This is not only extremely off-putting and an abuse of trust to many, it's also potentially disruptive to the decisions a person might normally take.
On the one hand, personalized advertising could open the door to a new forms of invasive annoyances. I am reminded of the scene in Minority Report where sales avatars on screens call out to you by name as you walk past. Or the disturbing vision of the future in the Golden Age series where flying banner advertisements swarm through the air, something so obnoxious that everyone uses cybernetic implants that alter their perception of the world and filter out the ads.

On the other hand, personalization may offer the key to relevance. We are all bombarded by advertising in our daily lives. Junk mail, ads in magazines, it is all ineffective mass market noise pummeling us with things we don't want. But, companies with a helpful product need some way for interested people to find out about it. What I would like is a way for the ads to be limited to only interested people. Don't waste my time, tell me about something that actually might interest me. I'd like the advertising to be useful.

I think that being obnoxious always fails in the long run. Spam e-mail is now filtered. Pop up ads are blocked. Obnoxious personalized advertising would be no different. People hate obnoxious.

But being relevant and useful always pays off. Personalization can help people find and discover relevant information they wouldn't have found on their own. Personalized advertising can be useful. And people like useful.

3 comments:

Alex Bosworth said...

I think the key is that users should be in control of how personalized advertisements are, based on how much information they reveal publicly.

There is a difference between our public and private sources of information, and while it's an invasion of privacy to advertise based on information we think of as secret, it's great to receive advertisements based on information we share publicly.
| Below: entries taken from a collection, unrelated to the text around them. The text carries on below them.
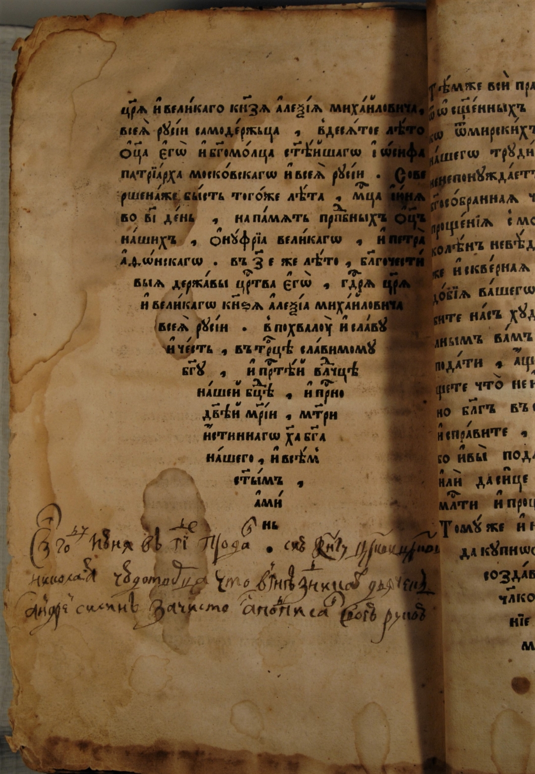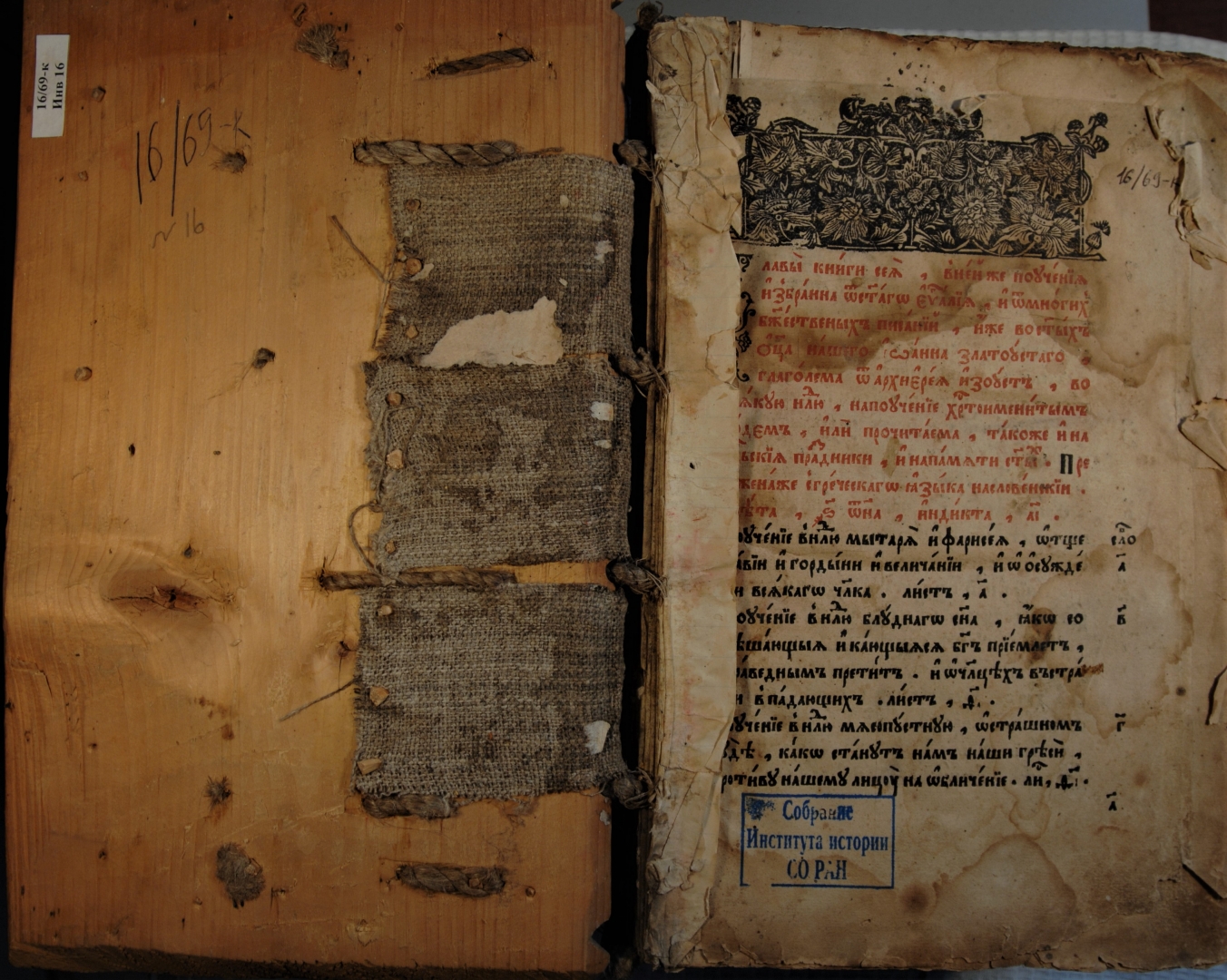 В конце книги – рукописная вставка на шести листах полууставом на бумаге с филигранью: «Рrо Раtria» с литерами РS и БКФ (Клепиков I, № 90. 1768 г.): «От книги Маргита (!) от жития Пречистыя Богородицы». Блок незначительно реставрирован бумагой XIX–XX вв.
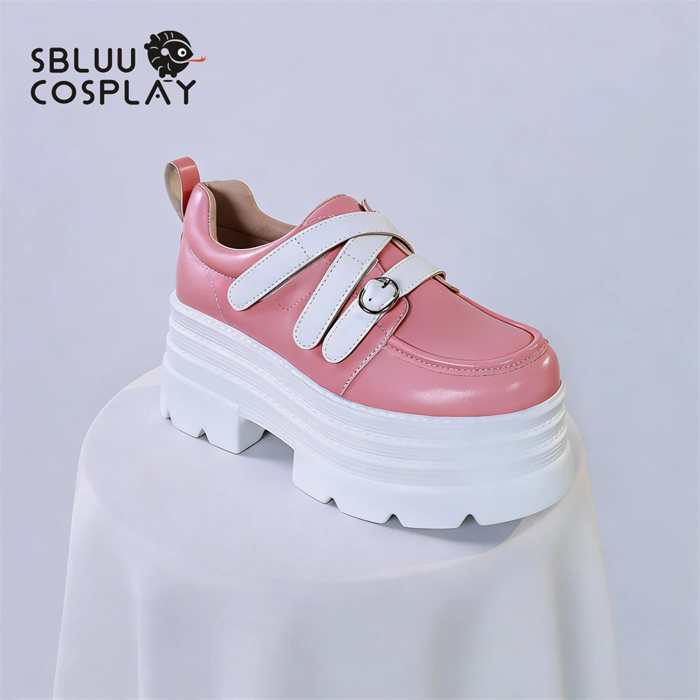 Scarpe Cosplay SBluuCosplay Zenless Zone Zero Sunna, Mocassini Rosa con Plateau e Tacco Grosso con Cinturini Bianchi
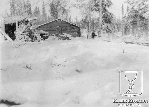 Det kan vara en skogsarbetarkoja, men det är osäker då den saknar skorsten. Ur Arvid Taube:s fotosamling över resan han genomförde tillsammans med sin vän fotografen Hugo Salling. Bildarkivet tar gärna emot kompletterande information om bilden.
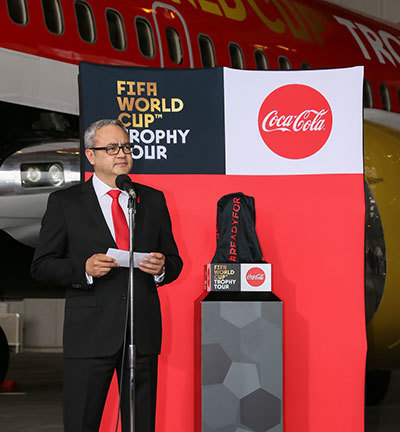 The International Federation of Association Football (FIFA) and its Official Partner Coca-Cola have been conducting the "Coca-Cola FIFA World Cup Trophy Tour," showcasing the World Cup trophy around the world.
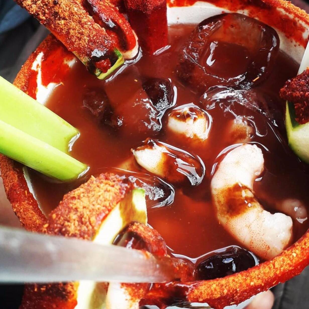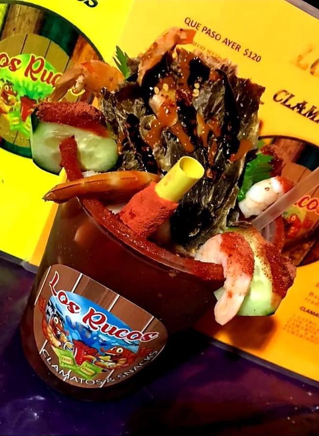 Litro de clámato preparado con salsa tradicional con carne seca y banderilla de tamarindo y apio.
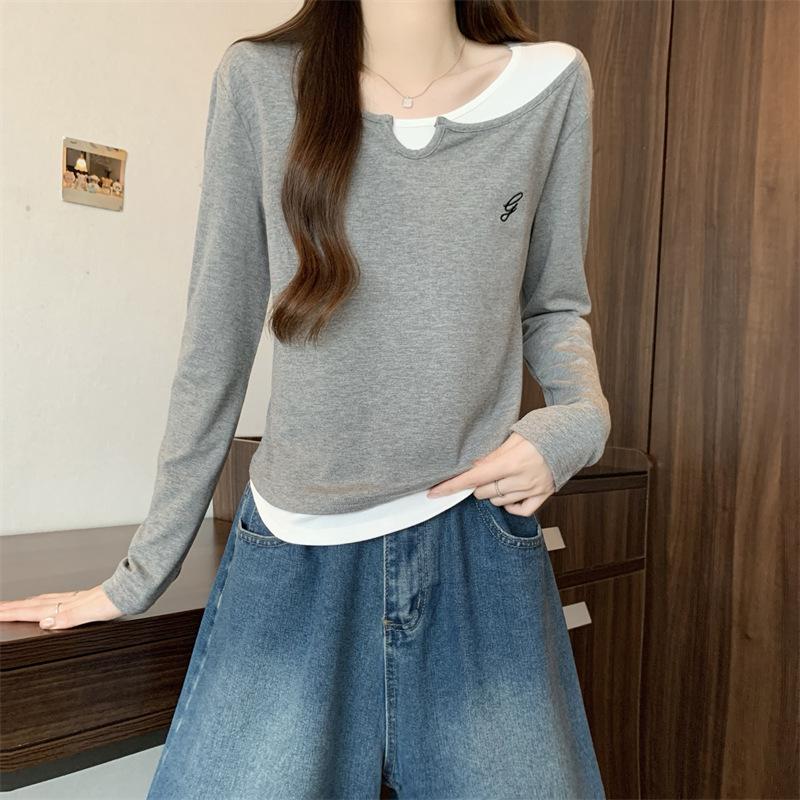 Two-piece Contrasting-color Long-sleeved T-shirts for Autumn and Winter, Women's Base Layer Tops with High-end Design Sense
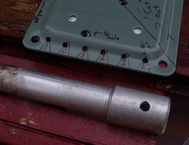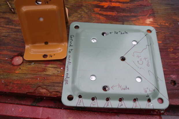 Utilizando el 1/4" agrandar el 4 fuera de borde de agujeros en los soportes y taladre los orificios del soporte del mango en el plato grande. También Perfore el orificio en la parte inferior de la "V" corta.
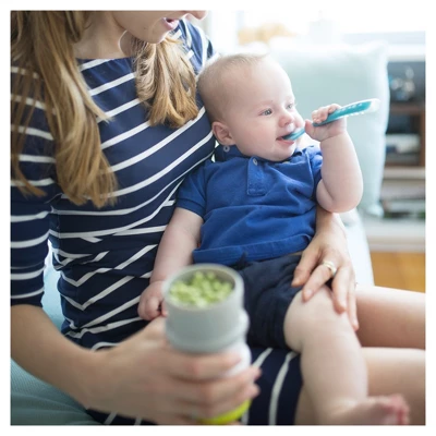 This set of 4 first stage silicone spoons is designed for babies being introduced to solids. The handle is designed for adult hands easily to be able to feed baby. Made of ultra supple silicone to be kind to baby’s gums. Dishwasher safe.
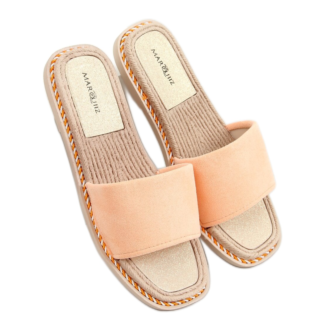 Il s'agit de babouches pour femmes en daim d'une belle teinte abricot, modèle 1096 Orange. Ces tongs élégantes sont le choix parfait pour l'été, alliant confort et look élégant. Fabriquées en daim écologique, elles maintiennent parfaitement le pied, ce qui les rend parfaites pour les aventures de vacances et les promenades quotidiennes.

If someone at a convention came up to me and said, "hey Alex, I read your blog, you'd really be interested in this Ajax project I'm working on.", I would be pleased as punch. If that same person said, "I read in your email to your friend that you were thinking of going to California, why not come to my place while you are down here." I would be freaked out and run away.

Maarten said...

Generic advertising isn't all that interesting and is easy to ignore. Well targeted advertising would be far more distracting. That's not a benefit in my mind when I'm trying to get work done.

Friends 360 said...

Personalization in advertising can be useful in a way that a consumer decides in what way he wants products and brands to reach him. Users will be able to clearly define what they get bugged with and what they like. I think thru personalized approach services and brands will be able to exactly identity curve in trends and market movements. It will be definitely useful as advertisements thrown to the consumer can be filtered out by him because of the filters he can predefine.